In a world where customer-centric innovation is the key to staying ahead of the competition, businesses increasingly turn to advanced technology to revolutionize product offerings. For Mendix, integrating the cutting-edge generative AI capabilities of Amazon Bedrock has been a game changer in redefining our customer experience landscape.

In this post, we share how Mendix is revolutionizing customer experiences using Amazon Bedrock and generative AI.

Overview

In 2016, a new era of innovation began when Mendix announced a strategic collaboration with AWS. By taking advantage of the robust cloud infrastructure of AWS, Mendix was able to provide a secure, scalable, and reliable solution for enterprises across the globe. The primary objective of this partnership was to enable organizations to build, deploy, and manage enterprise-grade applications quickly and effectively.

This unique collaboration combines the agility of the Mendix low-code application development platform with the robustness of AWS Cloud services. This combination facilitates rapid application development and deployment, empowering businesses to respond swiftly to market changes and customer demands, achieving successful digital transformation at an accelerated pace.

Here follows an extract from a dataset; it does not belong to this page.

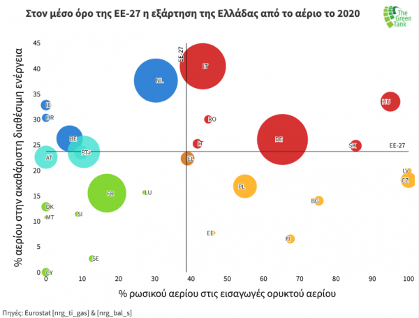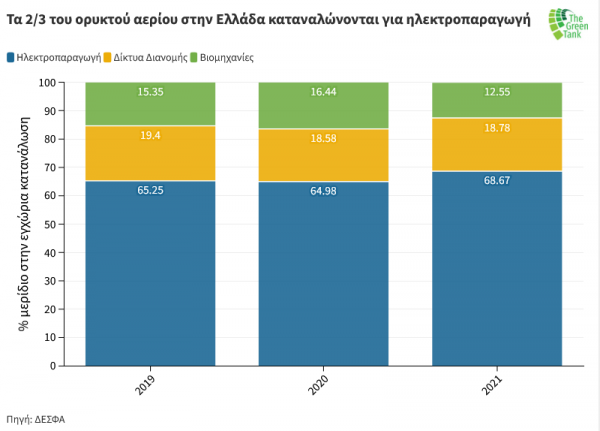 Η δραστική αύξηση της χρήσης του ορυκτού αερίου στην Ελλάδα τα τελευταία χρόνια, κατέστησαν τη χώρα πιο ευάλωτη στην κρίση ενεργειακών τιμών, η οποία μαίνεται από το δεύτερο μισό του 2021 και επιδεινώθηκε μετά την έναρξη του πολέμου της Ρωσίας στην Ουκρανία. Ωστόσο το γεγονός ότι το μεγαλύτερο μερίδιο του εισαγόμενου ορυκτού αερίου χρησιμοποιείται στην ηλεκτροπαραγωγή, προσφέρει στη χώρα περισσότερες δυνατότητες για ευκολότερη απεξάρτηση από τις εισαγωγές ρωσικού ορυκτού αερίου, συγκριτικά με άλλα κράτη μέλη της ΕΕ-27.

However, the rapid evolution of technology brings new challenges. The rise of generative AI presents a unique opportunity to redefine how applications are developed and used. Integrating these advanced AI capabilities into a low-code environment is a complex task, requiring a solution that is innovative, scalable, secure, and easy to use, that nonetheless delivers significant value to users.

Recognizing the importance of staying competitive in this rapidly evolving technological landscape, Mendix is committed to enhancing its platform with seamless AI integrations. Mendix not only offers an AI-enabled low-code application development experience, but also seeks to equip our customers with user-friendly tools necessary for implementing generative AI in the solutions they build.

By combining the power of AI with the accessibility of low-code development, we are setting the stage for unprecedented innovation in the industry, empowering our customers to create AI-enhanced applications with ease and efficiency.

The solution: Integrating generative AI capabilities provided by Amazon Bedrock

As a first step on our journey, we embraced Amazon Bedrock to infuse our low-code platform with generative AI capabilities. Amazon Bedrock offers many ready-to-use AI models. These models excel at writing clear text, creating images from just descriptions, and translating between different languages.

The Mendix AWS Bedrock Connector in the Mendix Marketplace eliminates traditional complexities and streamlines the integration of generative AI within our ecosystem. This pivotal service, accompanied by a wealth of shared knowledge via samples and blog posts, has paved a frictionless path for integration.

Generative AI from Amazon Bedrock is reshaping the landscape for low-code developers, offering a remarkable foundation for rapidly creating sophisticated applications that were previously only possible with extensive development time. These AI models are designed to equip developers with the ability to develop applications that not only learn and adapt but to do so with a previously unseen depth of understanding. As we integrate these technologies into the Mendix environment, we’re ushering in a new era of democratizing generative AI.

Imagine a world where applications are no longer static but can dynamically generate personalized content, such as images and interfaces, by analyzing individual user data like browsing habits, geographic location, and the time of day. This capability of generative AI to tailor experiences to each user promises to boost engagement and satisfaction dramatically. In today’s data-driven enterprise world, where the sheer volume of information can be overwhelming, generative AI stands as a powerful technology, turning complex data into accessible insights, streamlining reports for executives, identifying trends, and predicting future outcomes faster than ever before.

Taking a step further, generative AI also offers actionable recommendations, not just interpretations. This feature is set to transform sectors like customer service, where it can advise service agents on the best subsequent actions or automate routine responses based on a profound comprehension of customer data. By bringing these innovations to the Mendix platform, we’re moving towards a future where applications anticipate and meet user needs proactively, turning every interaction into an opportunity for innovation and a delightful customer experience.

But our vision extends beyond the horizons of today’s achievements. With our sight set on redefining the fabric of low-code application development, we’ve immersed ourselves in pioneering research. Using the Mendix Extensibility framework, we explore generative AI’s potential to transform our industry from the ground up. Our investigative forays have already yielded exciting prospects—from conjuring comprehensive domain models with simple narrative inputs to automating data mapping and sample generation with AI’s interpretative prowess. We’re even on the cusp of enabling Mendix UI setups through intuitive AI-powered dialogs. These nascent concepts—demonstrated in the following video—are still being experimented on. But they promise to herald a new dawn for low-code innovation in the future.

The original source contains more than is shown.